*** Exercise data
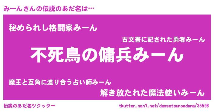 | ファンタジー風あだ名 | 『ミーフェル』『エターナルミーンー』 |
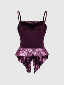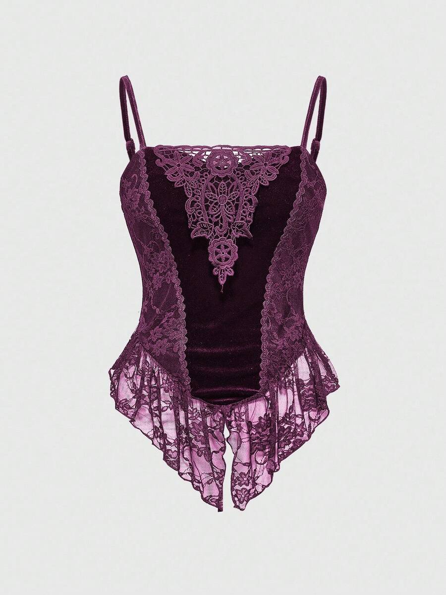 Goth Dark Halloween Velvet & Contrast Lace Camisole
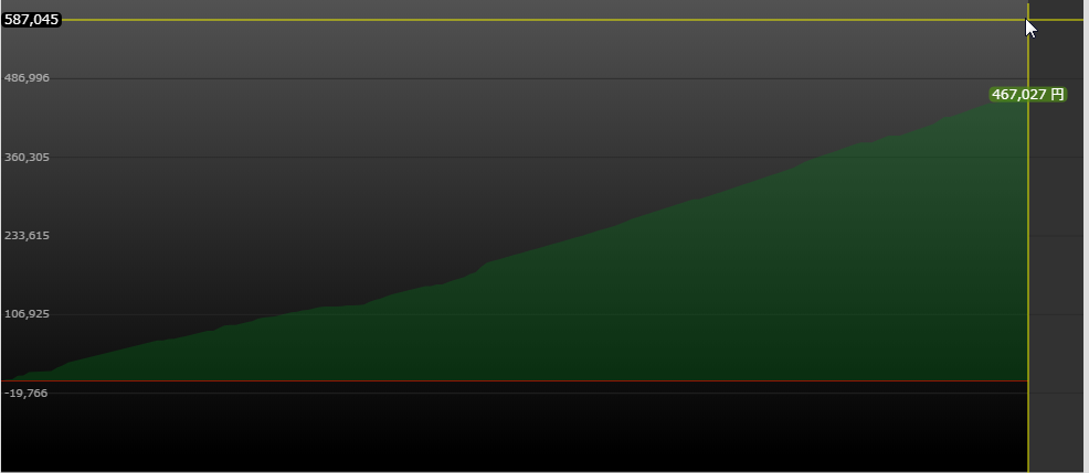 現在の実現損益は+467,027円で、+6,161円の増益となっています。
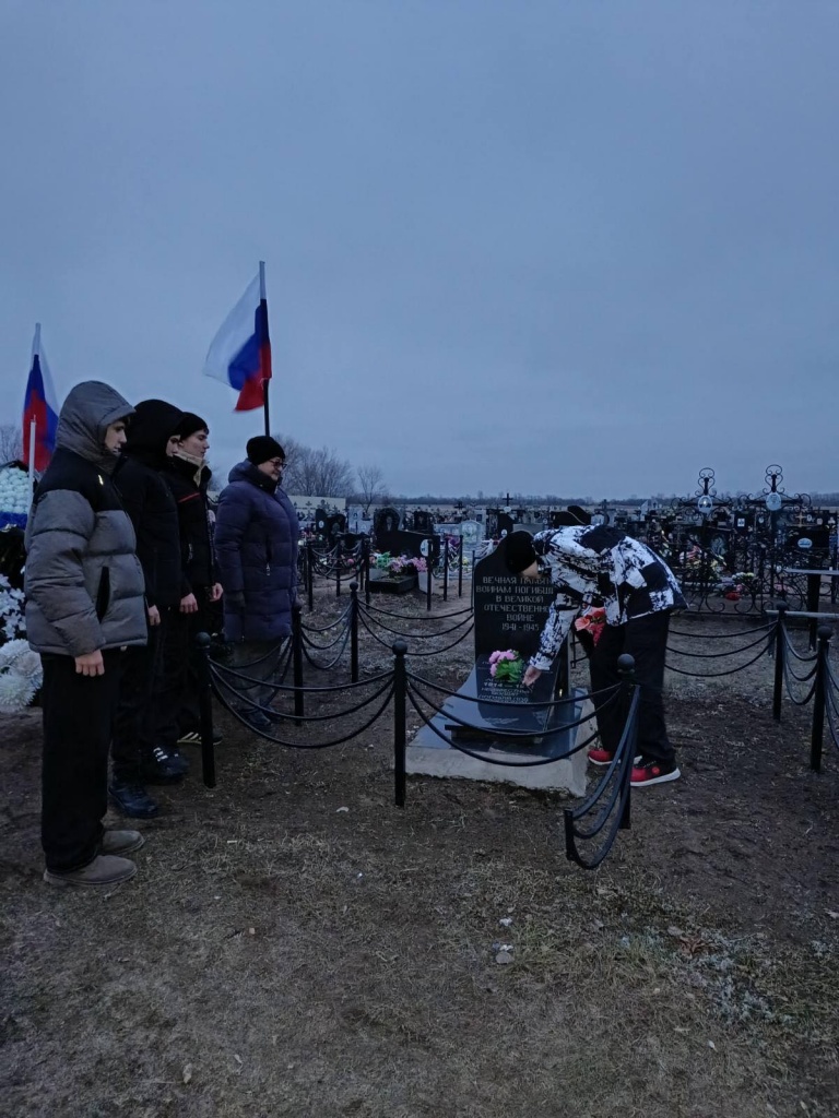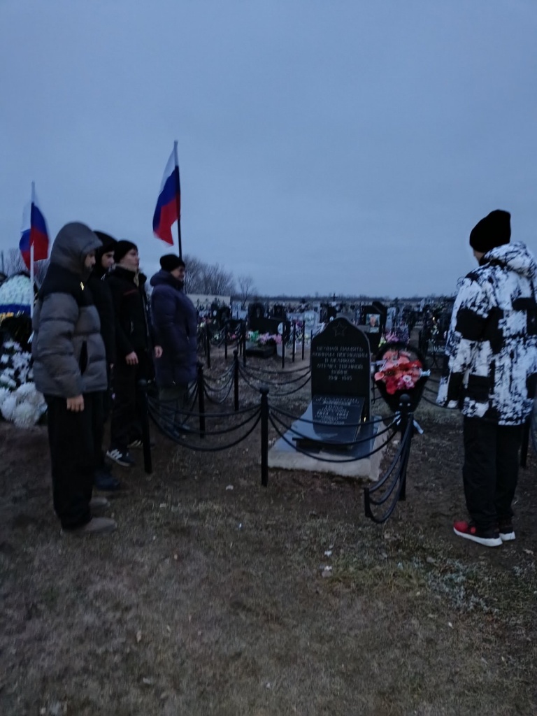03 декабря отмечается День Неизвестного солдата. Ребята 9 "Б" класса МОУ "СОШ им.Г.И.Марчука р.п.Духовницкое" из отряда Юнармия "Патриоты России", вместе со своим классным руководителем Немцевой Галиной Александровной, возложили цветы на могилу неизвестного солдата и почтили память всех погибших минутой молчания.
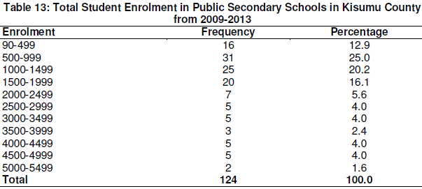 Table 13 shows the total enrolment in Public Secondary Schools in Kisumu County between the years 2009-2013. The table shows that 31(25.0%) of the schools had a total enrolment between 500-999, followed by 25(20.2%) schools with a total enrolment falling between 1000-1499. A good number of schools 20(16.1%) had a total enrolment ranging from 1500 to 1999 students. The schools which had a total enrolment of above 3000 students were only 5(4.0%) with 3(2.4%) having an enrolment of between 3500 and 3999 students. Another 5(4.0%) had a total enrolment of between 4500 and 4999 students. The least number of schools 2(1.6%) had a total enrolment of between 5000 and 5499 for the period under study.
******
Repeat the records word for word. Any picture in them should be left out.

 | ファンタジー風あだ名 | 『ミーフェル』『エターナルミーンー』 |
 Goth Dark Halloween Velvet & Contrast Lace Camisole
 現在の実現損益は+467,027円で、+6,161円の増益となっています。
03 декабря отмечается День Неизвестного солдата. Ребята 9 "Б" класса МОУ "СОШ им.Г.И.Марчука р.п.Духовницкое" из отряда Юнармия "Патриоты России", вместе со своим классным руководителем Немцевой Галиной Александровной, возложили цветы на могилу неизвестного солдата и почтили память всех погибших минутой молчания.
 Table 13 shows the total enrolment in Public Secondary Schools in Kisumu County between the years 2009-2013. The table shows that 31(25.0%) of the schools had a total enrolment between 500-999, followed by 25(20.2%) schools with a total enrolment falling between 1000-1499. A good number of schools 20(16.1%) had a total enrolment ranging from 1500 to 1999 students. The schools which had a total enrolment of above 3000 students were only 5(4.0%) with 3(2.4%) having an enrolment of between 3500 and 3999 students. Another 5(4.0%) had a total enrolment of between 4500 and 4999 students. The least number of schools 2(1.6%) had a total enrolment of between 5000 and 5499 for the period under study.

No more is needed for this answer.